Parachute FSI computations of the T\(\bigstar \)AFSM with the DSD/SST method precede the development of the SSTFSI technique and the associated special techniques. These computations started as early as 1997 [43], with 3D computations going as far back as 2000 [44, 45], and with a good number of parachute FSI problems solved [46–52] before reaching the SSTFSI technique. However, it was the SSTFSI technique, and the special techniques developed in conjunction with it, that brought the parachute FSI computations to a new era in addressing some of the most formidable computational challenges and truly supporting actual parachute design and testing [1, 3, 19, 41, 53–60].

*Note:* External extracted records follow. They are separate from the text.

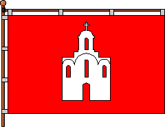 The gonfalon In October 3, 1998 the session of the municipal council approved the gonfalon: a rectangular canvas, in a red field there is a white church with a white cross. ![]() |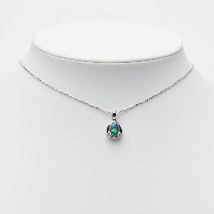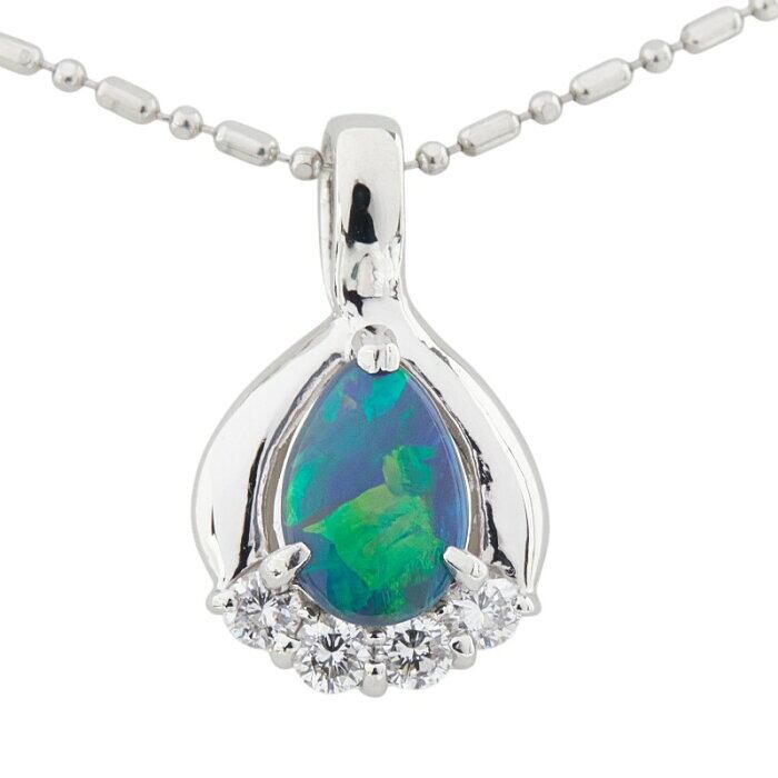 Pt900 プラチナ Pt850 プラチナ ブラックオパール0.65ct ダイヤ0.18ct しずく型モチーフ ペンダント ネックレス レディース 【中古】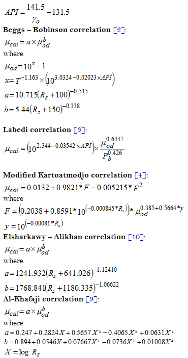 Beggs-Robinson, Labedi, modified Kartoatmodjo, Al-Khafiji and Elsharkawy-Alikhan correlations have been used which are come across mainly in the literature, for calculating oil viscosity [2-4, 9, 10].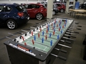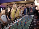 Hier kommt der neue Riesen Tischkicker für Abteilungen, Teamevents, Malls, Messen, u.v.m. 8 Personen können gleichzeitig in 2 Mannschaften am Kicker spielen. Das Gerät ist seht standsicher durch das hohe Eigengewicht, ca. 103kg.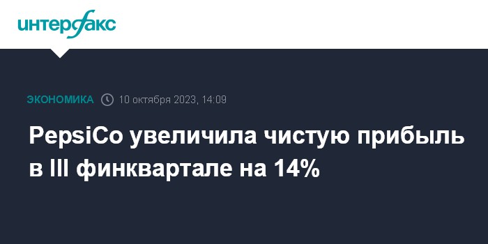 Москва. 10 октября. INTERFAX.RU - Американская PepsiCo Inc., один из крупнейших в мире производителей безалкогольных напитков, увеличила чистую прибыль в третьем квартале 2023 финансового года на 14%, выручку - на 7%.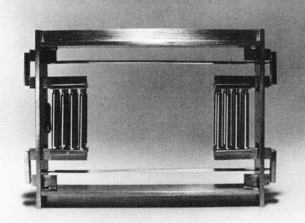 Veronika Schwarzinger continued her studies after Vienna at the Rietveld Academy in Amsterdam. While there she developed a series of work in glass and steel. The forms are simple geometric signs; some have flexible springs which allow them to be fixed to one's clothing in a variety of forms.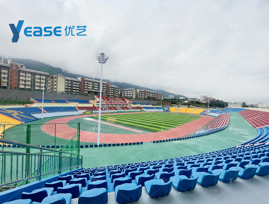 堅固耐用的鋼結構看臺系統(tǒng),滿足戶外場館長期使用與高承載要求。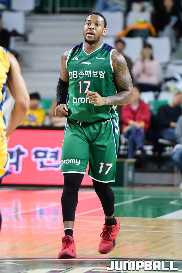 [점프볼=원주/박상혁 기자] 8일 원주종합체육관에서 2018-2019 SKT 5GX 프로농구 정규리그 원주 DB와 서울 삼성의 경기가 열렸다. DB 포스터가 슛을 성공시킨뒤 백코트를 하고 있다.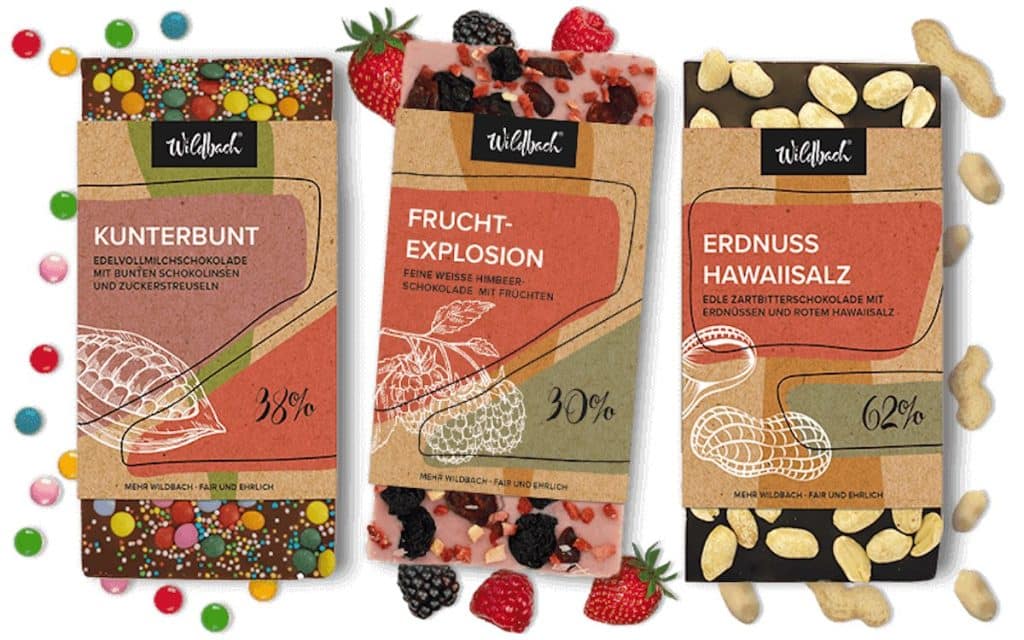 - Wildbach Schokolade – Edle Schokoladen aus besten, fair gehandelten Rohstoffen, mit viel Liebe und handwerklicher Sorgfalt in Bayern hergestellt. Unter dieser Marke beliefern wir Fachhändler, Feinkostgeschäfte, Gastronomiebetriebe, den Einzelhandel sowie Produzenten – sowohl mit hochwertigen Rohstoffen als auch mit unseren feinsten Schokoladenprodukten.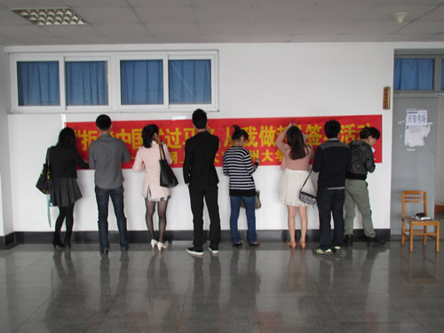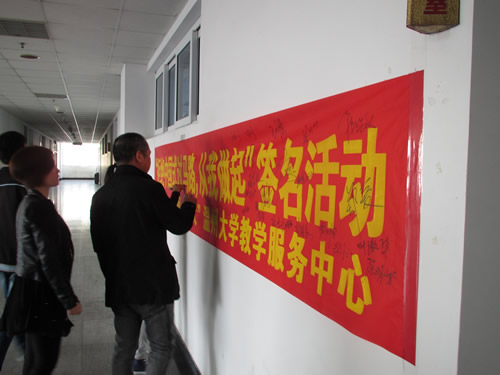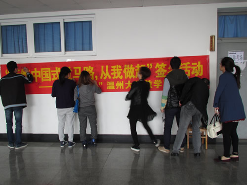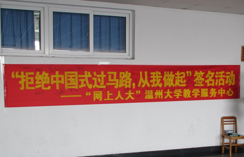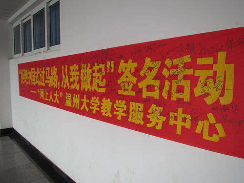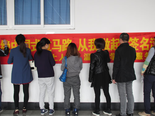 2013年4月13-14日,網(wǎng)上人大溫州教學(xué)服務(wù)中心針對城市行人違反交通規(guī)則亂穿馬路的不文明現(xiàn)象,舉行了“拒絕中國式過馬路,從我做起”的交通安全主題簽名活動?;顒诱稻W(wǎng)上人大201304批次課程考試,服務(wù)中心的老師在開卷考場的教室外懸掛了簽名橫幅,每當(dāng)考試前或者考試結(jié)束后,都有學(xué)生三個一群,兩個一伙兒地聚集在橫幅前簽下自己的保證。兩天下來,大約有一百多名學(xué)生積極參與。隨著考試的結(jié)束,這次別開生面的簽名活動也告一段落??粗蠹矣兄刃虻卣驹谑致房诘群蚪煌ㄐ盘枱簦?wù)中心的老師們都感覺十分欣慰。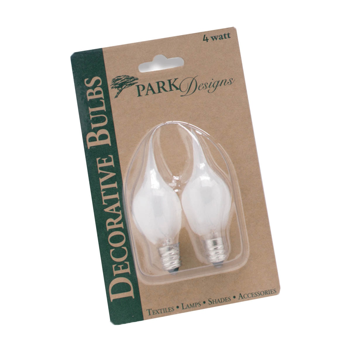 Light up your home with a warm, primitive glow! This set includes two 2-packs (total of 4 bulbs) of 4-watt silicone-dipped decorative bulbs by Park Designs. Each bulb is hand-dipped in soft, frosted silicone to create a cozy, flame-like glow—perfect for accent lamps, chandeliers, and nightlights.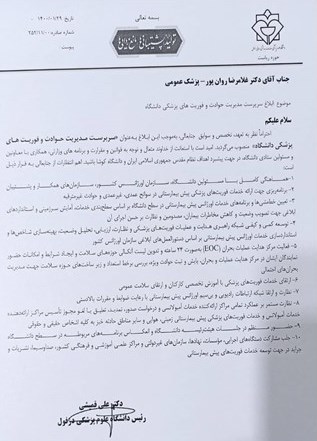 ا ابلاغ رئیس دانشگاه علوم پزشکی دزفول دکتر غلامرضا روان پور سرپرست مدیریت حوادث و فوریت های پزشکی شد.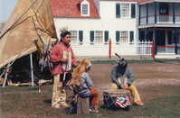 A man and two boys in traditional American Indian dress in front of a buffalo hide tipi
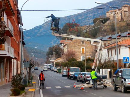 Tras la navidad y la celebración de los Reyes Magos, toca desmontar la decoración navideña, en este caso, las luces que han decorado las calles principales de Boltaña, así como su plaza Mayor durante las fiestas.

In an FSI computation with a moving-mesh method, the FSI coupling technique determines how the coupling between the equation blocks representing the fluid mechanics, structural mechanics, and mesh moving equations is handled. The coupling techniques used in the T\(\bigstar \)AFSM parachute computations evolved from block-iterative FSI coupling [61] (see [3, 51] for the terminology) used in the computations reported in [44–47] to a more robust version of block-iterative coupling [51, 52, 61, 62] and to quasi-direct coupling [51, 52] and direct coupling [51, 52] techniques. The quasi-direct and direct coupling techniques, which are applicable to cases with nonmatching fluid and structure meshes at the interface, yield more robust algorithms for FSI computations where the structure is light, such as parachute FSI computations. The SSTFSI technique is based on the new versions of the quasi-direct and direct coupling techniques with upgraded and additional interface projection methods [3, 53, 55, 56, 63], has a substantially increased robustness in FSI computations, and rendered the earlier ST FSI solvers obsolete. These new quasi-direct and direct coupling techniques automatically reduce to “monolithic” coupling when the interface has matching fluid and structure meshes. Allowing nonmatching meshes at the interface substantially increases the scope of the FSI solver, leading to success in FSI modeling of challenging problems, such as ringsail spacecraft parachutes [1, 19, 41, 53–60].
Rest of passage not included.